Remember, reshaping tensors does not involve changing the underlying data itself, but rather how it's interpreted or accessed. This makes reshaping a fast operation, as it doesn't require modifying the data in memory.

In [26]:
my_torch = torch.arange(10)
my_torch

tensor([0, 1, 2, 3, 4, 5, 6, 7, 8, 9])

In [28]:
# Reshape and View
my_torch = my_torch.reshape(2, 5)
my_torch

tensor([[0, 1, 2, 3, 4],
        [5, 6, 7, 8, 9]])

In PyTorch, using `-1` as a dimension in reshaping operations like `view()` or `reshape()` is a convenience feature that allows you to flexibly specify the tensor's shape without explicitly computing one of its dimensions. When you use `-1`, PyTorch automatically calculates the appropriate size for that dimension based on the tensor's total number of elements and the other specified dimensions.

### Why It's Useful:

1. **Flexibility**: It lets you reshape tensors without needing to explicitly calculate every dimension. This is particularly useful when you know the size of all but one dimension.

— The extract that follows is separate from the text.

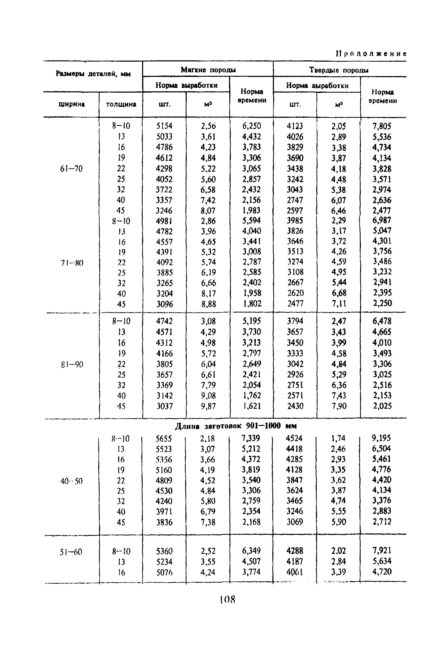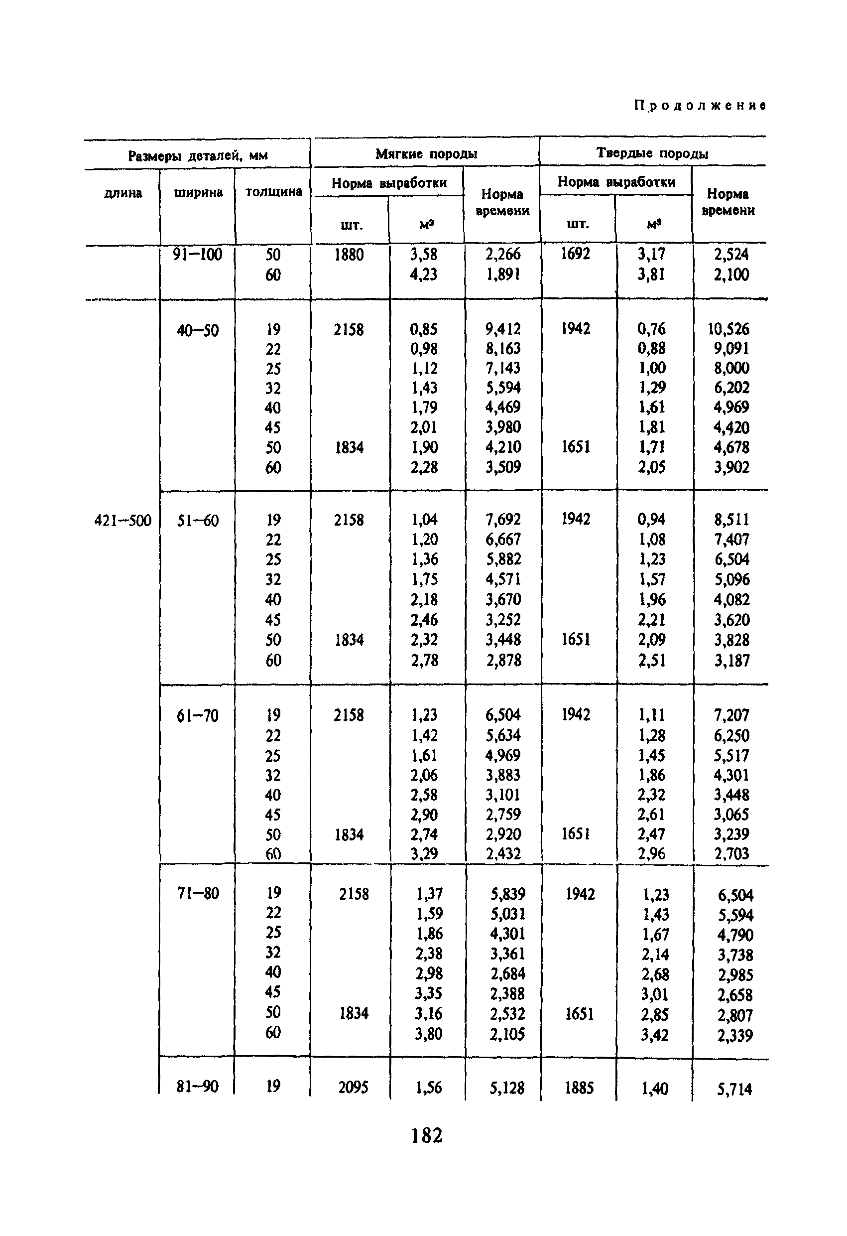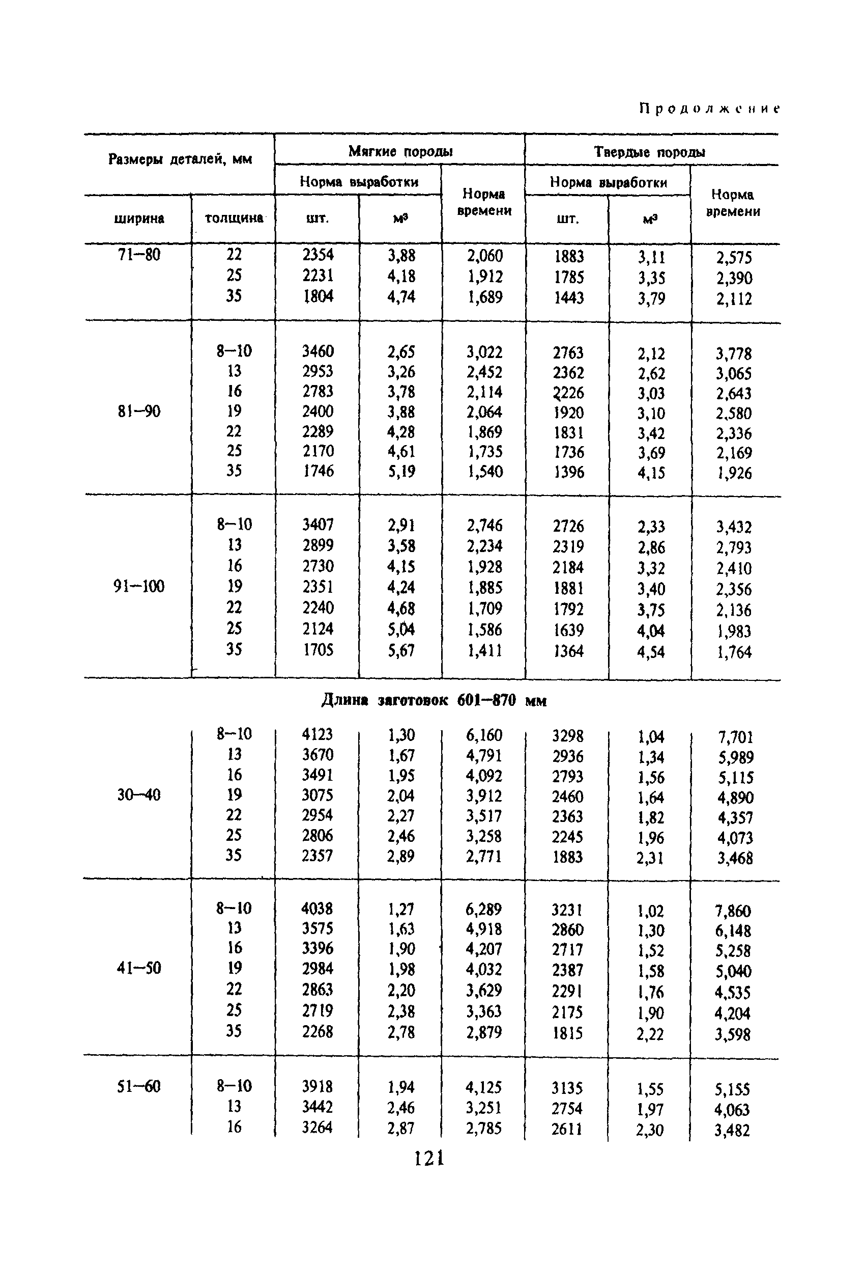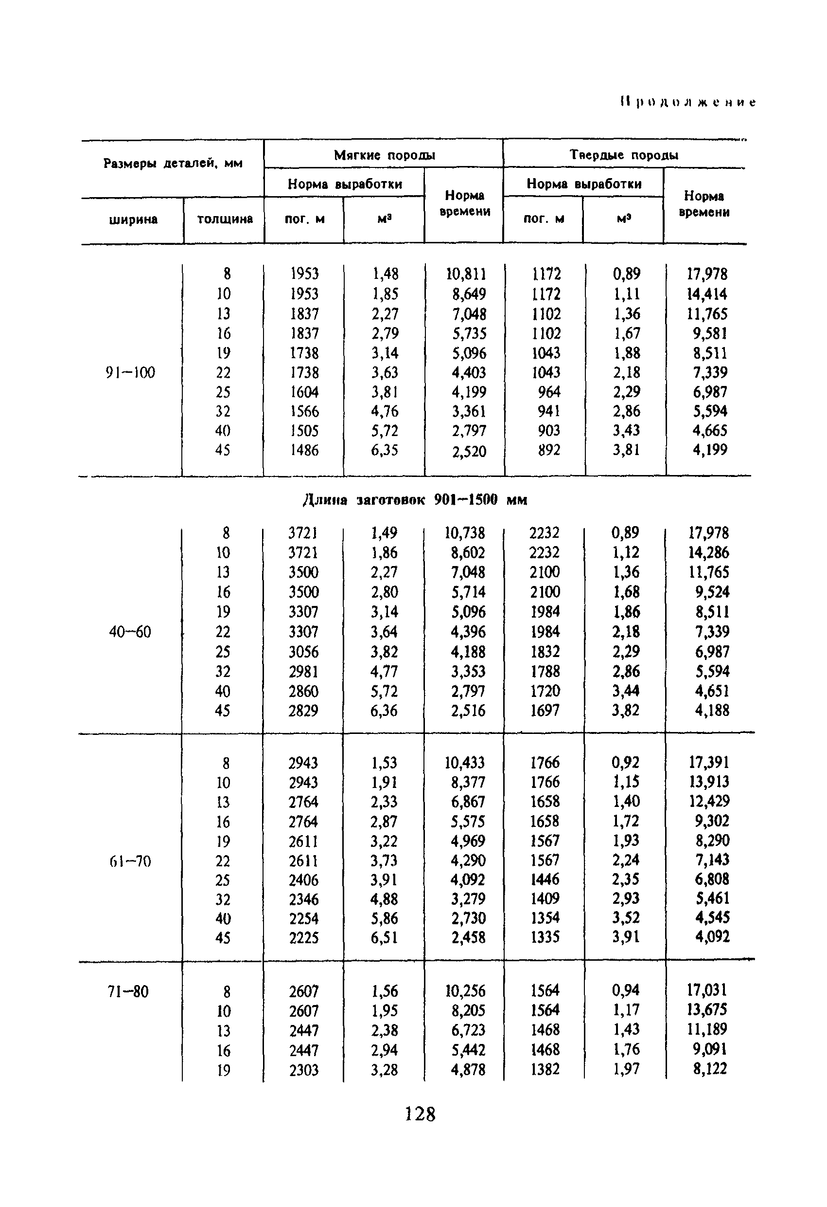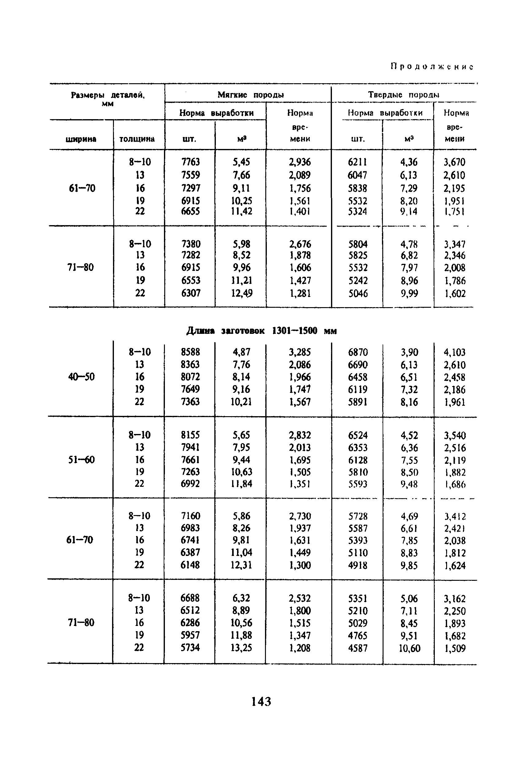 Типовые нормы выработки и времени на лесопильные работы (Работы, выполняемые на одноэтажных лесопильных рамах и круглопильных станках)| Статус: | справочные материалы, мп, тпр | | Название рус.: | Типовые нормы выработки и времени на лесопильные работы (Работы, выполняемые на одноэтажных лесопильных рамах и круглопильных станках) | | Дата добавления в базу: | 01.10.2014 | | Дата актуализации: | 01.01.2021 | | Область применения: | Типовые нормы предназначены для нормирования труда рабочих, выполняющих работы на лесопильных и тарных рамах, круглопильных станках, а также работы по перемещению, увязке и укладке сырья и изделий деревообработки, на всех предприятиях независимо от их ведомственной подчиненности | | Оглавление: | 1. Общая часть 2. Технология работы и организация труда 2.1. Переработка круглых сортиментов мягких пород 2.2. Переработка круглых сортиментов твердых пород 2.3. Переработка круглых короткомерных сортиментов 3. Нормативная часть 3.1. Нормы выработки и времени на распиловку круглых лесоматериалов на одноэтажных лесопильных рамах 3.1.1. Распиловка круглых сортиментов длиной 2,1 - 6,5 м вразвал при немеханизированном и полумеханизированном процессах лесопиления 3.1.2. Распиловка круглых сортиментов длиной 2,1 - 6,5 м на обрезные пиломатериалы при немеханизированном и полумеханизированном процессах лесопиления 3.1.3. Распиловка круглых сортиментов длиной 2,1 - 6,5 м вразвал при механизированном процессе лесопиления 3.1.4. Распиловка круглых сортиментов длиной 2,1 - 6,5 м на обрезные пиломатериалы при механизированном процессе лесопиления 3.1.5. Распиловка круглых сортиментов длиной 1 - 2 м на лесопильной раме РК 3.2. Нормы выработки и времени на поперечный раскрой древесины на круглопильных станках 3.2.1. Поперечный раскрой/круглых сортиментов на станке ЦБ-5 3.2.2. Поперечный раскрой пиломатериалов на станках типа ЦКБ-40 (ЦМЭ-3А, ЦМЭ-2), оборудованных поперечным транспортером для подачи пиломатериалов на стол станка 3.3. Нормы выработки и времени на продольный раскрой чураков на круглопильных станках 3.3.1. Продольный раскрой чураков на станке ЦДТ5-2 3.3.2. Продольный раскрой чураков на станке типа Ц2К- (Ц2К) 3.4. Нормы выработки и времени на продольный раскрой заготовок из пиломатериалов на круглопильных станках 3.4.1. Продольный раскрой необрезных пиломатериалов на станке ЦА-2 3.4.2. Продольный раскрой необрезных пиломатериалов на станках типа ЦДК4-3 (ЦДК4-2, ЦДК-4) 3.4.3. Продольный раскрой необрезных пиломатериалов на круглопильном станке ЦВП-1 3.4.4. Продольный раскрой необрезных пиломатериалов на станке типа Ц6-2 (Ц-6, Ц-5) 3.4 5. Продольный раскрой необрезных пиломатериалов на многопильных станках ЦА-2А, ЦДК5-2, ЦМ-80, ЦМ-120, ЦМР-2 3.5. Нормы выработки и времени на продольную распиловку пиломатериалов на тарной раме 3.5.1. Продольная распиловка пиломатериалов на тарных рамах РТ-2, РТ-36 3.6. Нормы выработки и времени на торцовку и поперечный раскрой заготовок кратной длины на детали на круглопильных станках 3.6.1. Пакетная торцовка деталей с одного конца на станке типа ЦПА-40 (ЦПА-2) 3.6.2. Групповой раскрой заготовок кратной длины на детали на станке ЦПА-40 3.6.3. Индивидуальный раскрой заготовок кратной длины на детали на станке Ц6-2 3.7. Нормы выработки на вспомогательные работы 3.7.1. Подача сырья в лесопильный цех вагонетками УЖД при погрузке мостовым краном 3.7.2. Подача сырья в лесопильный цех и вывозка п

2. **Maintaining Total Number of Elements**: It ensures that the reshaping operation maintains the total number of elements in the tensor. PyTorch calculates the missing dimension such that the product of the dimensions of the reshaped tensor equals the product of the dimensions of the original tensor.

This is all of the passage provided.